The Old North Church in Boston, where two lanterns signaled the departure of British regulars to Lexington, has been immortalized for what happened atop its 277-year-old Medford bricks. But far below, in a dark and dusty crypt where the public rarely visits, the stories of hundreds of early Bostonians have long lay dormant and forgotten.

But now, thanks to the Old North Foundation and the groundbreaking work of a funerary archeologist, those stories are beginning to be resurrected along with a new appreciation of the daily life of young Boston's bustling North End.

Armed with a flashlight, a notebook, and a determination to ignore the shadows and eerie creaking around her, Jane Lyden Rousseau is spending hundreds of hours analyzing the condition and configuration of the crypt. Above ground, she pores over centuries-old ledgers to determine who is buried beneath Boston's oldest standing church, why they were interred there, and what can be learned about early American burial rites.

"It's amazing to see how much you can learn about life by studying death," said Rousseau, who is a curatorial assistant at the Peabody Museum at Harvard University.

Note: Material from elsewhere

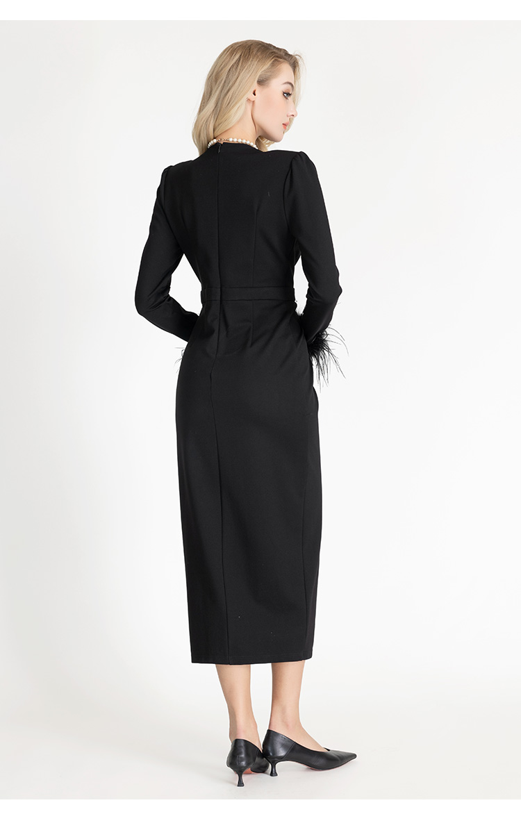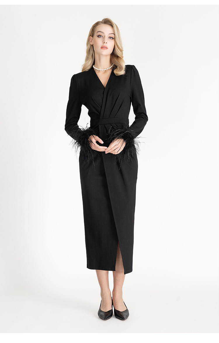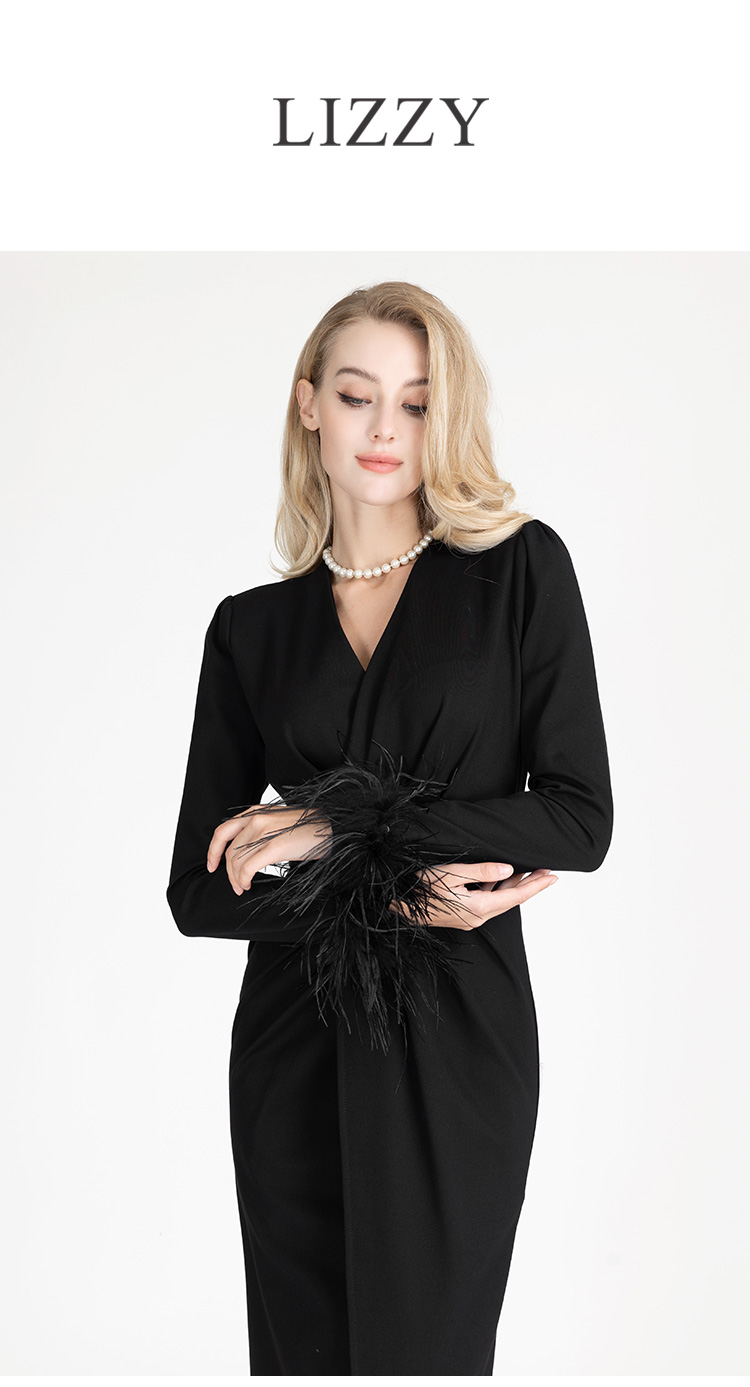 LIZZY早秋V领开叉宴会年会服时尚V领长款敬酒礼服优雅气质连衣裙7952

What she has learned is providing a new snapshot of the pecking order and priorities of a busy, burgeoning port. African-Americans are buried here, along with heroes of the Revolution. A barrel-vaulted tomb installed eternal status on its occupants, but church leaders were not loath to sweep out the bones after a few decades and replace them with fresh ones - all in the name of cash flow in a fast-changing society.

Rousseau also found that those "sweepings" were tossed in a charnel house, where the remains were mingled in a large pit beneath the crypt floor. The pit, a remnant habit of medieval Europe, where urban burial space was severely limited, might have been the only one of its kind in New England, Rousseau said.

Until Rousseau uncovered its existence in church documents, the pit had been forgotten for generations. For an archeologist who specializes in the dead, the discovery produced a thrilling eureka moment.

"It's a one-of-a-kind find," Rousseau said of the charnel house. "It's a fascinating aspect of our history."

Currently, just a few members of the public are allowed in the crypt as part of an admission-only "behind the scenes" tour of the church, which also allows them into the bell-room of the famous steeple. Ed Pignone, executive director of the Old North Foundation, said that a master plan expected by the end of the year will study the feasibility of opening the crypt to general viewing.

"We'd like to make it more accessible," Pignone said, "but there are some real structural challenges."

The crypt today is a crowded warren of pipes, sprinklers, boilers, and bric-a-brac squeezed into a low-ceiling basement where tombs have been built against the walls. A narrow walkway leads past vaults that line all four sides, and around a collection of tombs that occupy the middle of the room and serve as a support for the church floor.